As compassionate, loving, and understanding as I can be, I just don’t have the energy or capacity in my life for anyone who cannot match the light I give. It’s frustrating, exhausting, and disappointing to deal with someone who cannot meet me where I am. I have to pause and consider if constantly being the one to hold space for people like this has an impact on my mental and emotional health. Yes, it does.
I have never been someone who is interested in transactional friendships, nor do I entertain them. The Sagittarius in me can really give a fuck. But at the same time and as contradicting as this is going to sound, I do understand that everyday life very much can get in the way of friendships. What can I say? It’s the empath and healer in me, too.
I think true friendships survive and thrive on people’s levels of emotional intelligence (EI), empathy, emotional maturity, shared boundaries, and mutual desire for growth.
With that said it's also emotionally difficult to be the friend who is completely invested in her growth, peace, and sense of self-worth or the friend who is dedicated to becoming the best version of herself regardless of the associated cost.
My willingness to grow and to be a whole person is not just for myself, but for the people in my life who equally show up and fill my cup. It’s for my future self, future life partner, and the life that is waiting for me. Let me just say it is painful to be the friend who has to watch people you love cycle through unhealthy behaviors or patterns because of their lack of self-awareness—behaviors that possibly may or may not harm you yet make you cringe.

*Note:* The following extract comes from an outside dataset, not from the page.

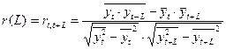 Таким образом, автокорреляция уровней ряда – это корреляционная связь между уровнями одного и того же ряда динамики, сдвинутыми на определенный промежуток времени L. Натуральное число L называется лагом и представляет собой расстояние между членами временного ряда, для которых оценивается корреляционная связь. Например, автокорреляция порядка L – это взаимосвязь двух последовательностей yt = (y1, y2, ..., yn-L ) и yt+L = (y1+L, y2+L, yn ).

Your love for them is loud, transparent, unconditional, honest, and genuine. You secretly hope that they push through their season because you wholeheartedly want the best for them. And I guess as I get older and the more self-aware I become, I know I am not alone in feeling this way. As my therapist has told me, “The choices and decisions that feel safe to you may be different to someone else based on what feels safe for them.” And ultimately, I have to accept it, as frustrating as it can be.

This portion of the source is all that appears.